**Task to carry out**
Word for word, set down every line of the entries below from the line with "Drinking the colors" to the line with "Kurtarılan at olay", including both, and no other line.

**Records shown**
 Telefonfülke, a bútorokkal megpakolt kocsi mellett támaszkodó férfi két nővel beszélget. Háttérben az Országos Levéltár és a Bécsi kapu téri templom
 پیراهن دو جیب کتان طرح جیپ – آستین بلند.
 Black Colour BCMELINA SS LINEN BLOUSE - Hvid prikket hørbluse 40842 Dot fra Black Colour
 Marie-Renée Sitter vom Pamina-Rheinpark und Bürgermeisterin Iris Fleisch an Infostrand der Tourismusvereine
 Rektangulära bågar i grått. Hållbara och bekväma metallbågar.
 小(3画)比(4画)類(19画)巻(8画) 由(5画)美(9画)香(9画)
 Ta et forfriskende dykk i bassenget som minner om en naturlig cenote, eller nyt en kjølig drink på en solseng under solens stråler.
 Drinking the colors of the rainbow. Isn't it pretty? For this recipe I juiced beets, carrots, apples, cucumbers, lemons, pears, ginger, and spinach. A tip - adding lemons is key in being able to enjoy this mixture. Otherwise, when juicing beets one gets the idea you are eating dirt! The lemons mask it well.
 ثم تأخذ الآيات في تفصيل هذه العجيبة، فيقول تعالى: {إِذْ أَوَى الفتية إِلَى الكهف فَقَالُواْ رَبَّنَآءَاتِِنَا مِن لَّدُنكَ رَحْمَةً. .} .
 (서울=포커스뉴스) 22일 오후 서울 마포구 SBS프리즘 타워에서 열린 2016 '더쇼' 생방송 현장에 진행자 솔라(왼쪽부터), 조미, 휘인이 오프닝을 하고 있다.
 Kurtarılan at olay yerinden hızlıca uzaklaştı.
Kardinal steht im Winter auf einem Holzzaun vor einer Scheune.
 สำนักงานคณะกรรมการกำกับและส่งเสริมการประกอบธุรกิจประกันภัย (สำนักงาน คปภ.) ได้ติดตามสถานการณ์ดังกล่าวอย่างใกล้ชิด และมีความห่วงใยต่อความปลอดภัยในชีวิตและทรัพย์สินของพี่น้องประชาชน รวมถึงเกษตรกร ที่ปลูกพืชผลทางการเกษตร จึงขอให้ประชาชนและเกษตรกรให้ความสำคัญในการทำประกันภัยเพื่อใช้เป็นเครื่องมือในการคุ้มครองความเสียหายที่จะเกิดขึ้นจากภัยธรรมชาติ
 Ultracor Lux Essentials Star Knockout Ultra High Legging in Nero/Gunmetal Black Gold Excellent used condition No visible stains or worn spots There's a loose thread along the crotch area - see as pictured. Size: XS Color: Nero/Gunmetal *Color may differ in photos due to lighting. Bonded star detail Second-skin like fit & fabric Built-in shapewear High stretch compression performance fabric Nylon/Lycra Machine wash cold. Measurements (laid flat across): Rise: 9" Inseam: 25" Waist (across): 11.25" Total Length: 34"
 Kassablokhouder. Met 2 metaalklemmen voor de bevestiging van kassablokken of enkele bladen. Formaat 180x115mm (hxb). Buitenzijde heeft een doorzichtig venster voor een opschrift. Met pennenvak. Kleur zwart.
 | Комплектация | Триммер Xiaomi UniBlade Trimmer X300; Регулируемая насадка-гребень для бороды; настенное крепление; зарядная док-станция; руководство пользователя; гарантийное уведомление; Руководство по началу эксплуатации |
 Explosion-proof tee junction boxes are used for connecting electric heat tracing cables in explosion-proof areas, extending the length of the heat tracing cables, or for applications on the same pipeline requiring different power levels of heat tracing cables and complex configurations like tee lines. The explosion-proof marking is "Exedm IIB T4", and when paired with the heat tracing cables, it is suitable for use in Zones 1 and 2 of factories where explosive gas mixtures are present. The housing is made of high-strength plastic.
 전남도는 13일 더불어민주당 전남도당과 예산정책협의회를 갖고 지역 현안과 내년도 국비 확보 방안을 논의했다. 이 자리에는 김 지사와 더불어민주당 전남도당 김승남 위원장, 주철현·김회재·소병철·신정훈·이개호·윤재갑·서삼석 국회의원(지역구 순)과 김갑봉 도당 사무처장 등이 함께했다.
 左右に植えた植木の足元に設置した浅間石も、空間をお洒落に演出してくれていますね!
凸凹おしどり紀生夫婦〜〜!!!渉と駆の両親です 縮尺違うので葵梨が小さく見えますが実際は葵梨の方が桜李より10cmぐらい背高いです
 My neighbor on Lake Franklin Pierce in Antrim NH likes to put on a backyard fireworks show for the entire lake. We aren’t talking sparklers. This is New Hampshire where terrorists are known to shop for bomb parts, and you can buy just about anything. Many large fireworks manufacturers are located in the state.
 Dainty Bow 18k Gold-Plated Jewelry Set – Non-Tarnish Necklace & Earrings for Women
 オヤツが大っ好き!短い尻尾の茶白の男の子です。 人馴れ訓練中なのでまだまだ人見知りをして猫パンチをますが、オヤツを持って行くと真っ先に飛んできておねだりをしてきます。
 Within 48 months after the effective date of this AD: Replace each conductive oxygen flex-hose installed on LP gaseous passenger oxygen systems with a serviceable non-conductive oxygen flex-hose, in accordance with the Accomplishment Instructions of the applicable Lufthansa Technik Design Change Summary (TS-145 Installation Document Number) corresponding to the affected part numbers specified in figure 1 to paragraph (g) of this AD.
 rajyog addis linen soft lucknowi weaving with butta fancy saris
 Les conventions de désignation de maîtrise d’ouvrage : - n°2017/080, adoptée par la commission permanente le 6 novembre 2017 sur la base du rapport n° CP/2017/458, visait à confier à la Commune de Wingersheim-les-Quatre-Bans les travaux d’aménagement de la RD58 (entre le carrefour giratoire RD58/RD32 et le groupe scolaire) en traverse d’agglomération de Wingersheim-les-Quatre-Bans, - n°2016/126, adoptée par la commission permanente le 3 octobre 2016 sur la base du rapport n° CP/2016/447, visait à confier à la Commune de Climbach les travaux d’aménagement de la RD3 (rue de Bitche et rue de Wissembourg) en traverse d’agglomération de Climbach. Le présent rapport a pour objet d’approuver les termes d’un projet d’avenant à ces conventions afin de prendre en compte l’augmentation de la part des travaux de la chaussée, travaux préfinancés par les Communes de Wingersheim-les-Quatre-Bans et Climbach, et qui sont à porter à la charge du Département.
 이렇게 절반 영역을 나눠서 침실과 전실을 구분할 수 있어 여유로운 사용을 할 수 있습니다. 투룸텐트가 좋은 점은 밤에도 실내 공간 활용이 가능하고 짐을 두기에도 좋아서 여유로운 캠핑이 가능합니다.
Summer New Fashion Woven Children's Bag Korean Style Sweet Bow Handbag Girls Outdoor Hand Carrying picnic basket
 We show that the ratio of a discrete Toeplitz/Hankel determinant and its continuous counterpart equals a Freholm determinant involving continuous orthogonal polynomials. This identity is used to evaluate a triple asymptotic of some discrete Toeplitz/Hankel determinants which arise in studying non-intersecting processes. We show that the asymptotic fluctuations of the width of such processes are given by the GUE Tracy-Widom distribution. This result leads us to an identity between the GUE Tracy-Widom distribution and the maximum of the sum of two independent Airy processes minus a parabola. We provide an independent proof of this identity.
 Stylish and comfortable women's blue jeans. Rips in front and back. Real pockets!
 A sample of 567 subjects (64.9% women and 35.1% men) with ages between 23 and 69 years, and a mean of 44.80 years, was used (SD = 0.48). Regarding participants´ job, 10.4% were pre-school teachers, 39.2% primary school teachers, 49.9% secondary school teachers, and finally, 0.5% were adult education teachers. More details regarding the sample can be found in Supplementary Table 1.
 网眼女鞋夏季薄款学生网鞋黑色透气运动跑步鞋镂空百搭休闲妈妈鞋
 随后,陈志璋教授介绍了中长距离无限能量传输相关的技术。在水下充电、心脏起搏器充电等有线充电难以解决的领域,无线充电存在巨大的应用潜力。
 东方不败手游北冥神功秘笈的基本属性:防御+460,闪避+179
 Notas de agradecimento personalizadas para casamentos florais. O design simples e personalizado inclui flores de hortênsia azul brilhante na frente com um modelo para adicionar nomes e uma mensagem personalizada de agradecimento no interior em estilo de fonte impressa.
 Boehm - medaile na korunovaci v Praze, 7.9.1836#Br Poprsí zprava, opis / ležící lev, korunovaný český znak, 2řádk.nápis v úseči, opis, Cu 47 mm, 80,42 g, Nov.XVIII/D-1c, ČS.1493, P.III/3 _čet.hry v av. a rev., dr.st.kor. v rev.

**Task result**
 Drinking the colors of the rainbow. Isn't it pretty? For this recipe I juiced beets, carrots, apples, cucumbers, lemons, pears, ginger, and spinach. A tip - adding lemons is key in being able to enjoy this mixture. Otherwise, when juicing beets one gets the idea you are eating dirt! The lemons mask it well.
 ثم تأخذ الآيات في تفصيل هذه العجيبة، فيقول تعالى: {إِذْ أَوَى الفتية إِلَى الكهف فَقَالُواْ رَبَّنَآءَاتِِنَا مِن لَّدُنكَ رَحْمَةً. .} .
 (서울=포커스뉴스) 22일 오후 서울 마포구 SBS프리즘 타워에서 열린 2016 '더쇼' 생방송 현장에 진행자 솔라(왼쪽부터), 조미, 휘인이 오프닝을 하고 있다.
 Kurtarılan at olay yerinden hızlıca uzaklaştı.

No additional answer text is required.